El análisis de insectos de otras familias como vectores putativos del fitoplasma del grupo del ALC aportó resultados favorables (Tabla 1). De 21 individuos de P. foveatis, siete adultos capturados en plantas de cocotero de las comunidades de Miahuatlán 2da secc., Cunduacán y Habanero 2da. Secc., Cárdenas, fueron positivos al fitoplasma 16SrIV. Otras especies de dérbidos de los géneros Cedusa y Otiocerus, que se capturaron en palmas de cocotero de Pailebot y R/a Habanero del municipio de Cárdenas. Dos de tres individuos de Cedusa, resultaron positivos al fitoplasma del grupo de ALC mientras que los especímenes de Otiocerus fueron negativos.
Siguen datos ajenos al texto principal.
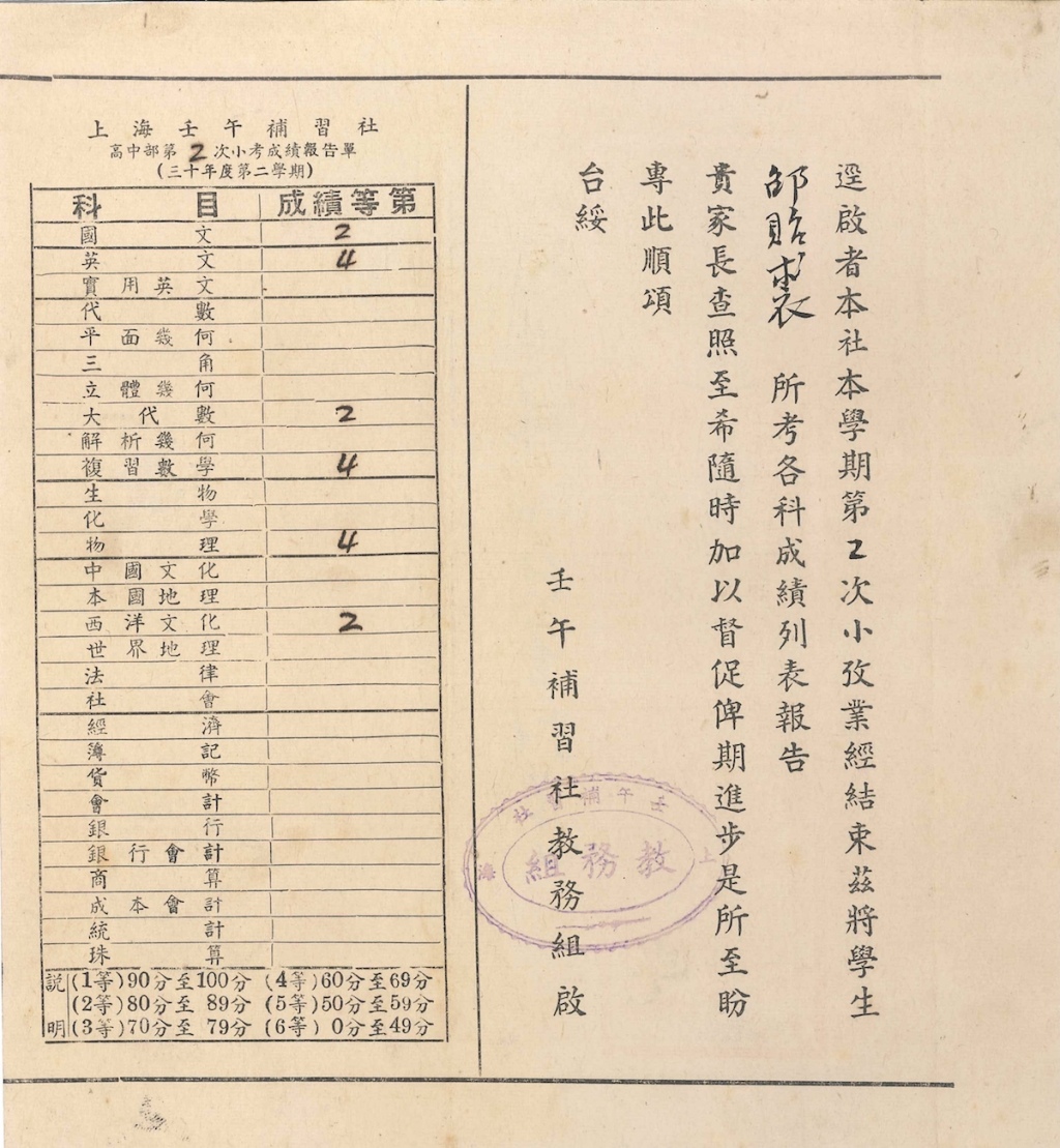 在解讀這一成績(jī)報(bào)告單之前,有必要對(duì)壬午補(bǔ)習(xí)社這一機(jī)構(gòu)作一介紹。1941年底太平洋戰(zhàn)爭(zhēng)爆發(fā)后,日軍進(jìn)入租界,光華大學(xué)為應(yīng)對(duì)時(shí)局之變,對(duì)學(xué)校建制作出重大調(diào)整,名義上停辦了滬校大學(xué)部及附中部,而改設(shè)誠(chéng)正文學(xué)社、格致理商學(xué)社、壬午補(bǔ)習(xí)社,使得大中學(xué)生得以繼續(xù)學(xué)業(yè),同時(shí)維系學(xué)校命脈。這里的壬午補(bǔ)習(xí)社其實(shí)就是光華大學(xué)附中改頭換面的另一個(gè)名稱而已,其辦學(xué)地點(diǎn)與師生均沒(méi)有改變。弄清楚壬午補(bǔ)習(xí)社就是光華附中的這一事實(shí)之后,關(guān)于邵貽裘1938年以后是不是繼續(xù)在光華高中讀書(shū)的問(wèn)題也就不言自明了。

En Jamaica, Brown et al. (2006) , reportan que de 13 Derbidae que portaban el fitoplasma del grupo del ALC, seis tenían una cepa diferente de fitoplasma del grupo ALC. Esto indica que para el género Cedusa los fitoplasmas podrían pertenecer a diferentes subgrupos que integran al grupo 16SrIV.
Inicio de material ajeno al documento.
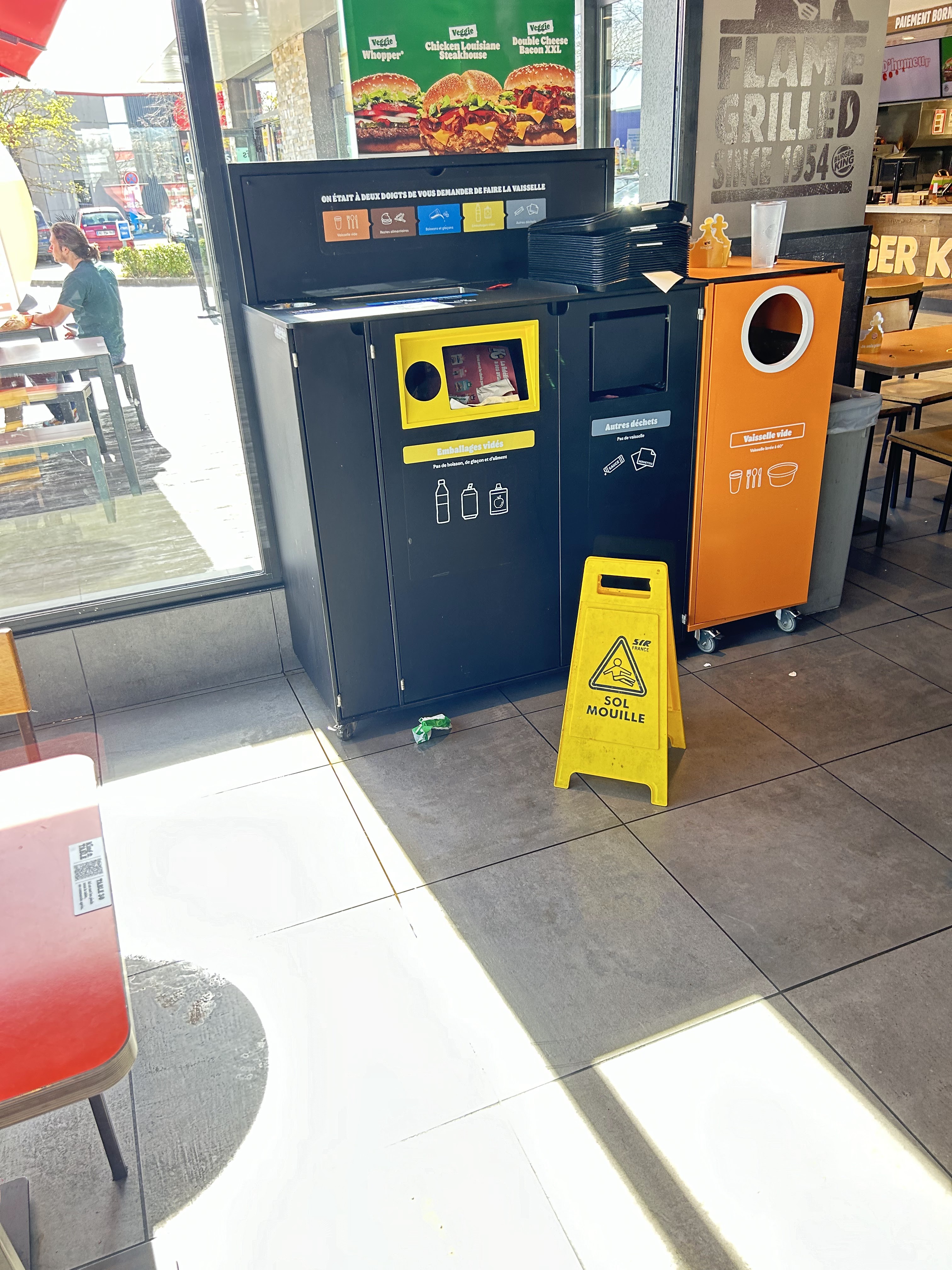 Un Burger King assez grand, très fréquenté pour un samedi à 14h30. Certainement le 1er week-end des soldes. On a du attendre 15 minutes pour être servis .. mais bon.. on a attendu. Les toilettes ont du PQ en stock et un lavabo fonctionnel mais ne pas s'attendre à une propreté..

En este estudio, la detección positiva de H. skarphion, O. snowi y P. foveatis nos lleva a considerar que es probable que exista un vector del ALC distinto a H. crudus, en Tabasco. Sin embargo, algunas investigaciones reportan que los insectos recolectados en campo y con la presencia fitoplasmas, han sido incapaces de transmitir el patógeno en cautiverio (Galetto et al. 2019). Es importante anotar que para que el fitoplasma sea transmitido, debe ingresar a células específicas de las glándulas salivares y pasar a la hemolinfa. En caso contrario el insecto se clasifica como hospedero “sin salida” (Brown et al. 2006), por lo tanto, la penetración y reproducción del fitoplasma en las glándulas salivales son requisitos previos para su transmisión (Hogenhout et al. 2008). El periodo de latencia es el tiempo entre el momento en que el insecto adquiere el fitoplasma y el desarrollo de una concentración infecciosa en las glándulas salivales. Así, los fitoplasmas pueden ser detectados en el interior de los insectos después de alimentarse de plantas enfermas (Dollet et al. 2010), sin ser capaces de transmitir el patógeno (Lu et al. 2016). En consecuencia, varias especies de insectos son capaces de adquirir, pero no de transmitir los fitoplasmas (Galetto et al. 2019). Bressan et al. (2006), consideran que probablemente los insectos pueden albergar células de fitoplasmas en sus cuerpos, pero la capacidad para transmitir fitoplasma depende de la combinación patógeno-planta hospedera-insecto vector, y varios factores, como un mecanismo molecular especifico de reconocimiento del hospedero. El ADN del fitoplasma puede ser detectado en el intestino del insecto o después de alimentarse de plantas infectadas sin que sea capaz de transmitir el patógeno (Lu et al. 2016). Aunque la detección del fitoplasma en un insecto no necesariamente provee el estatus como vector (Liu et al. 2017), sí, es un paso hacia su identificación como tal. Por lo que realizar ensayos de transmisión con estas especies sería recomendable para su rol putativos de vectores del ALC.